If you are a current tenant, you will also need to provide your current tenancy agreement with the address, tenant names and rental amount, as well as a rental record, a letter from your agent or property manager and a statement bank showing your payment cycles.
Other examples of your expenses may include child support and spousal support.
You may also consider getting conditional approval to help you feel more confident as you explore the market and seek to bid or bid at an auction, before your formal home loan application is completed. be approved. However, this amount may differ slightly from the final loan amount. Conditional approval is usually valid for 90 days and can be renewed if you need more time – but check with your bank.

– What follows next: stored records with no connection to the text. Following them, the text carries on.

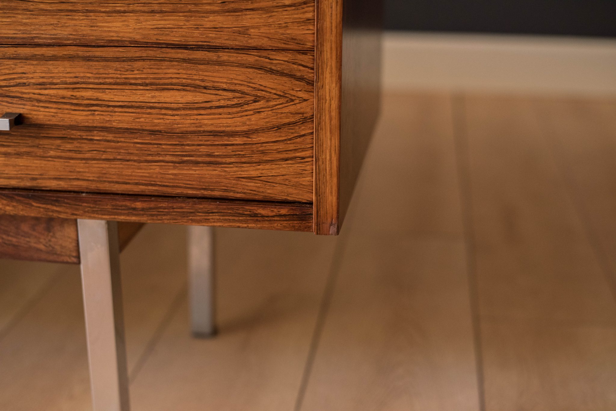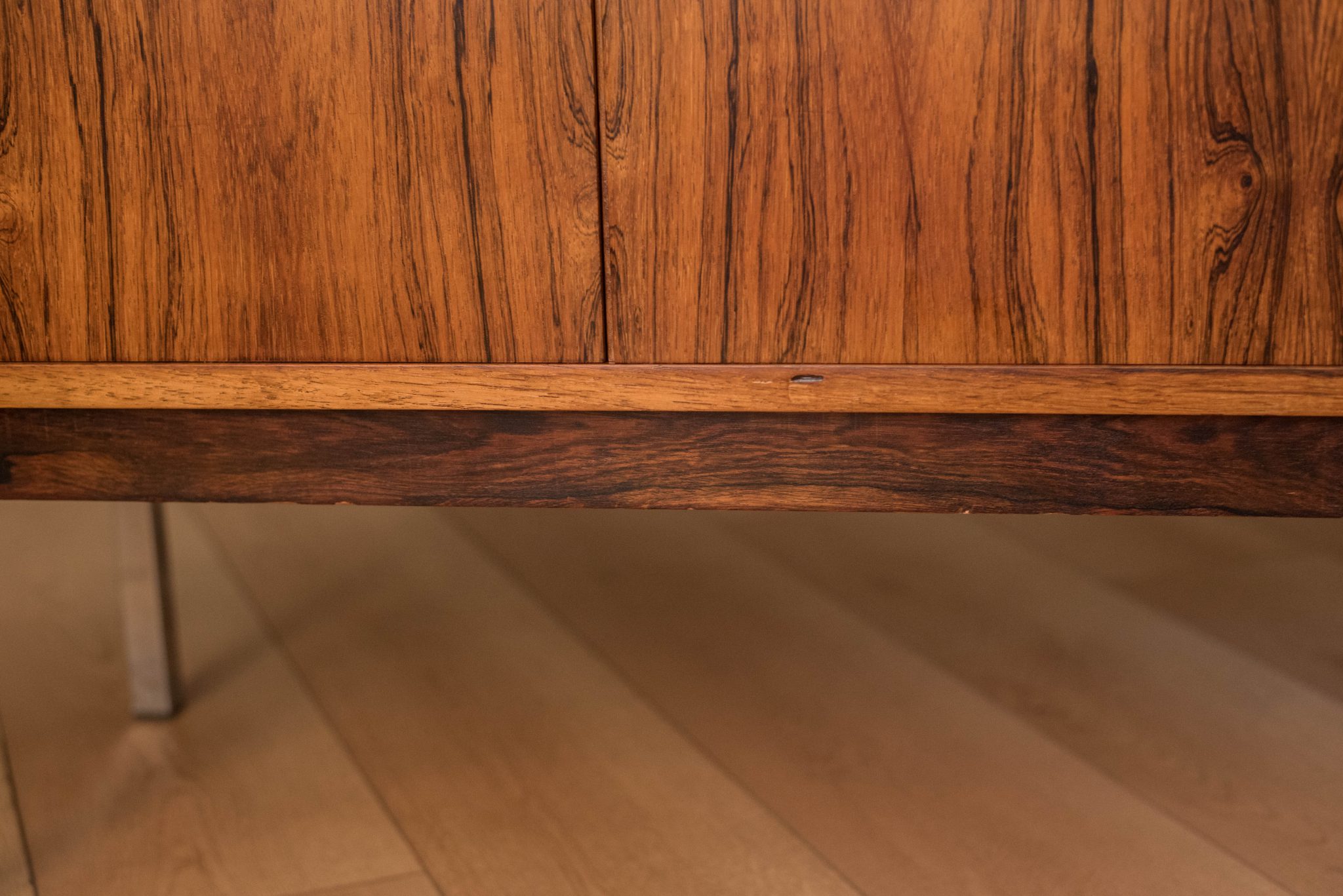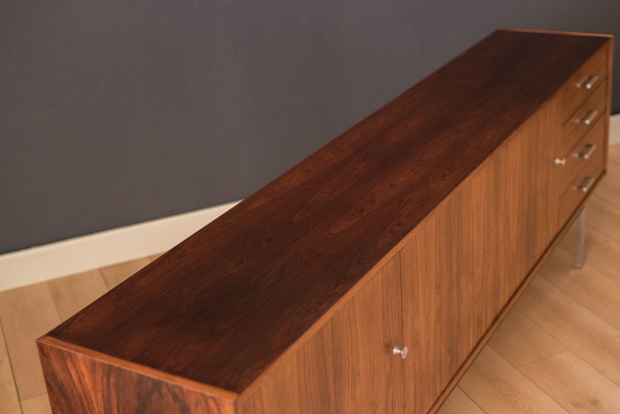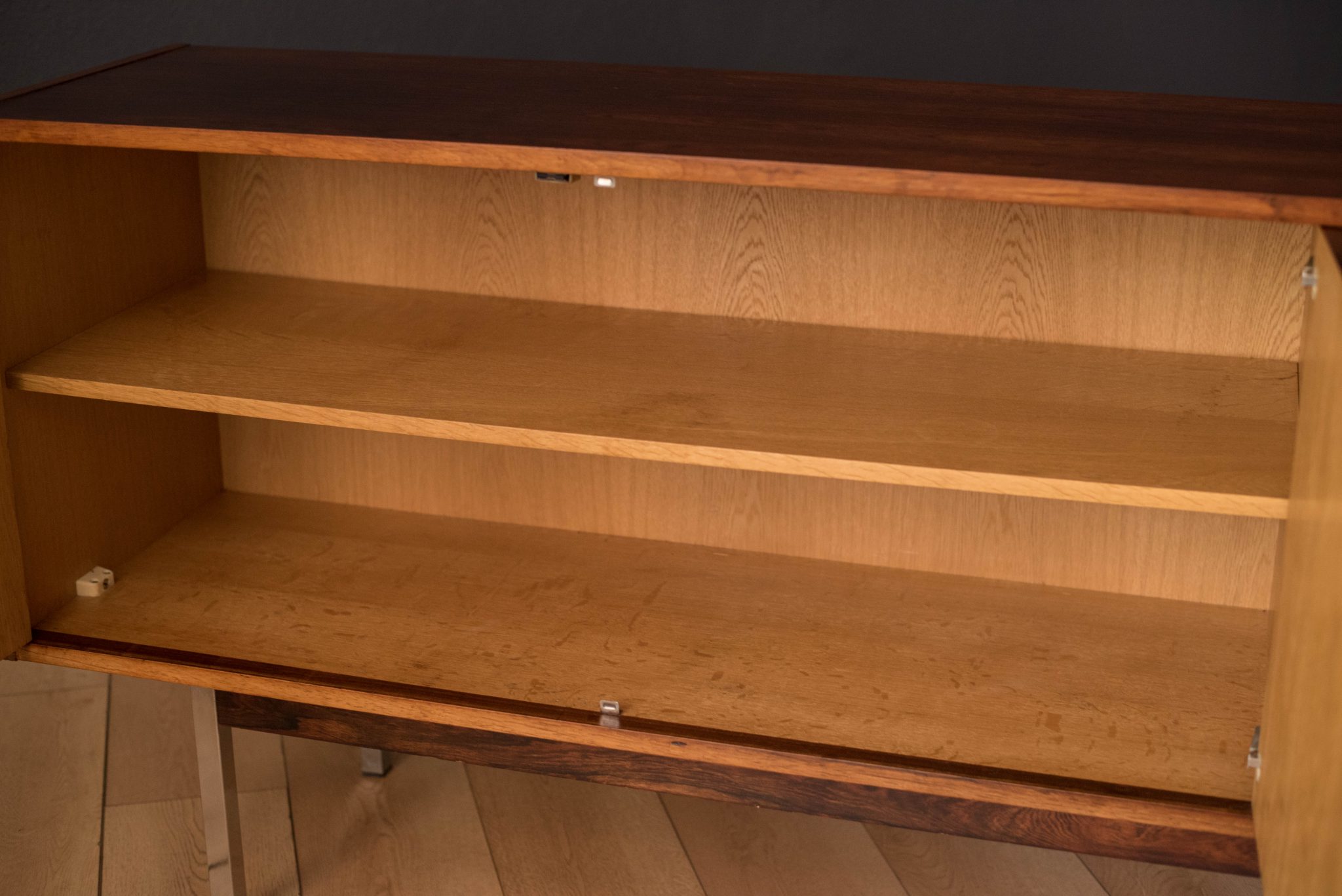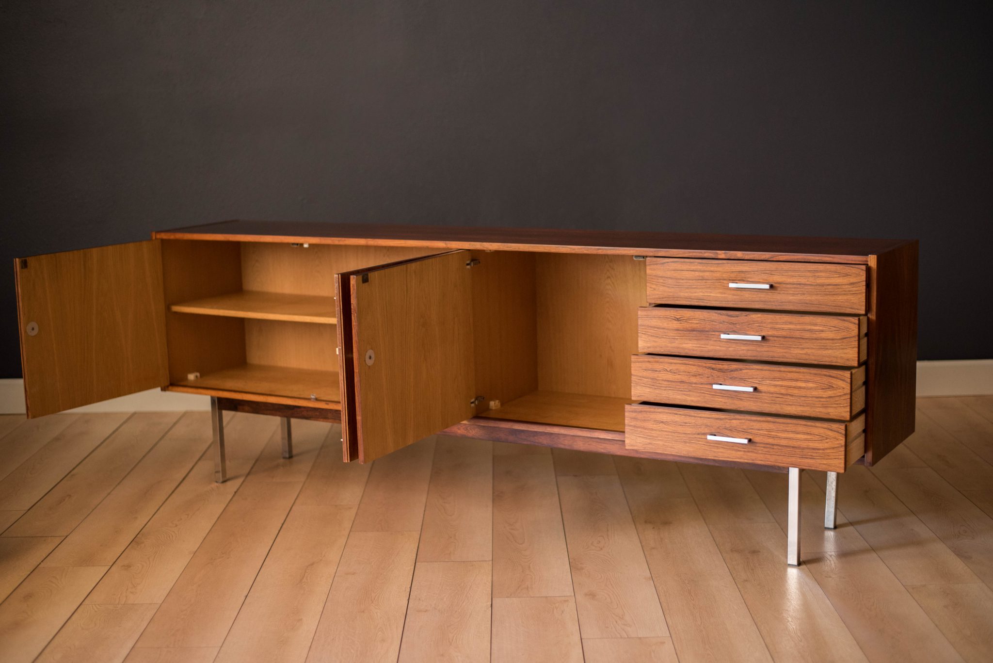 Vintage sideboard credenza in Brazilian rosewood, circa 1970s. This piece maximizes storage space including four organizing drawers and open display cabinets with one shelf. Showcases a rich rosewood grain finish complemented with chrome and aluminum accents.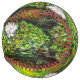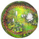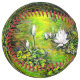 Original painting of a lush pond filled with water lily plants and vibrant foliage. The vivid colors and intricate details create a lively, natural setting. Painted by New York City, Fine Arts Artist, Gaye Elise Beda.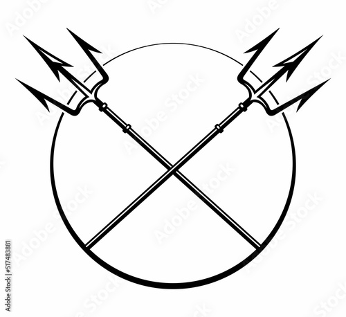 Two crossed tridents. Trident logo design concept. Isolated on white background.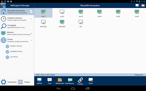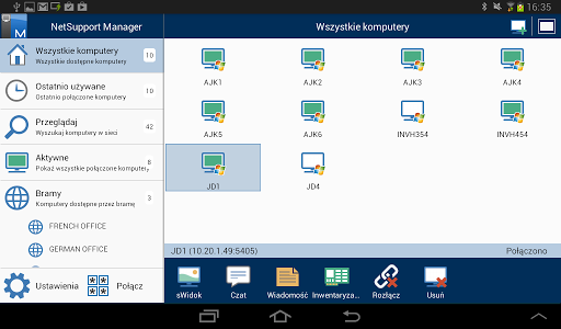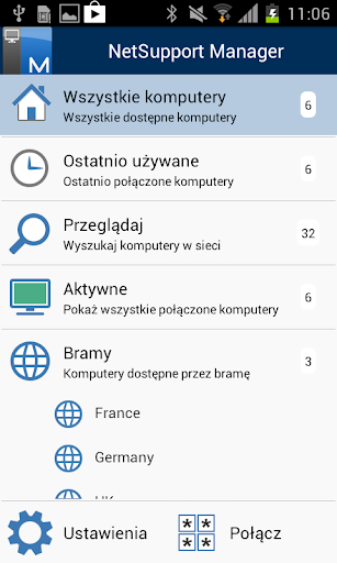 Nowa możliwość sterowania mobilnego pozwala użytkownikowi szybko wyszukiwać i łączyć się z lokalnymi komputerami przy pomocy adresu IP lub nazwy komputera, a także wyszukiwać, łączyć się i oglądać zdalne komputery przy użyciu elementu bramki internetowej NetSupport Manager.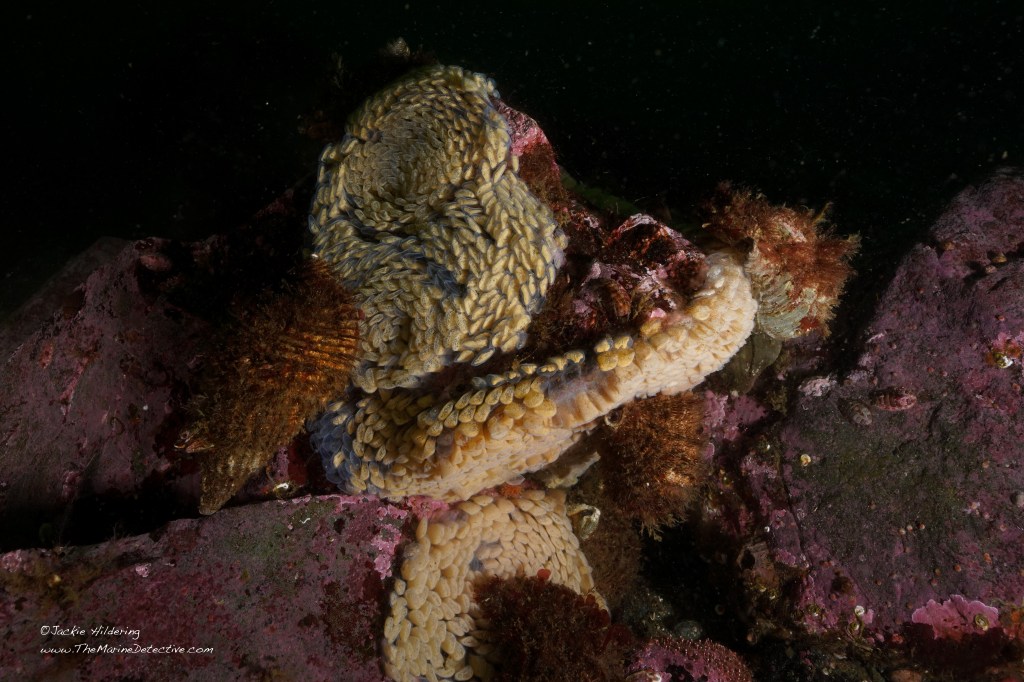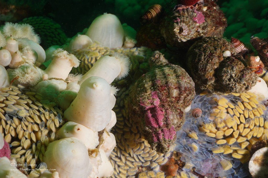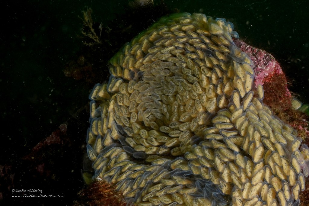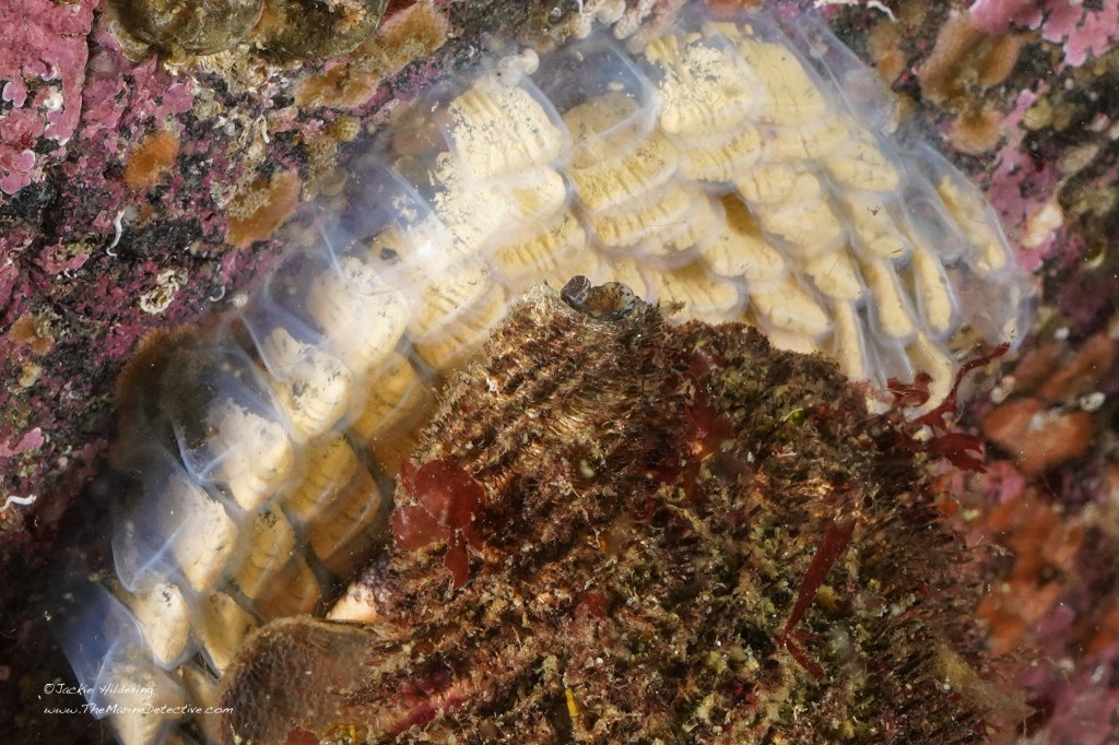 Look at how many fertilized eggs are in each “capsule” and marvel at the shape of the egg mass. These capsules are referenced as “sea corn” for this species. It takes each female about 2 weeks to lay her eggs in this wondrously shaped clutch. A friend referenced the shape of the egg mass as being reminiscent of Van Gogh’s “Starry Night”. Agreed!

Once you have obtained conditional approval, secured your property and provided the sales agreement, you will be on your way to receiving your mortgage agreement which officially gives you the funds to purchase your property.
If you have any questions along the way, with Westpac every online candidate has access to a dedicated home finance manager to help you. guide you through the process.
This information is general in nature and has been prepared without taking into account your objectives, needs and overall financial situation. For this reason, you should evaluate the suitability of the information for your own situation and, if necessary, seek the advice of an appropriate professional.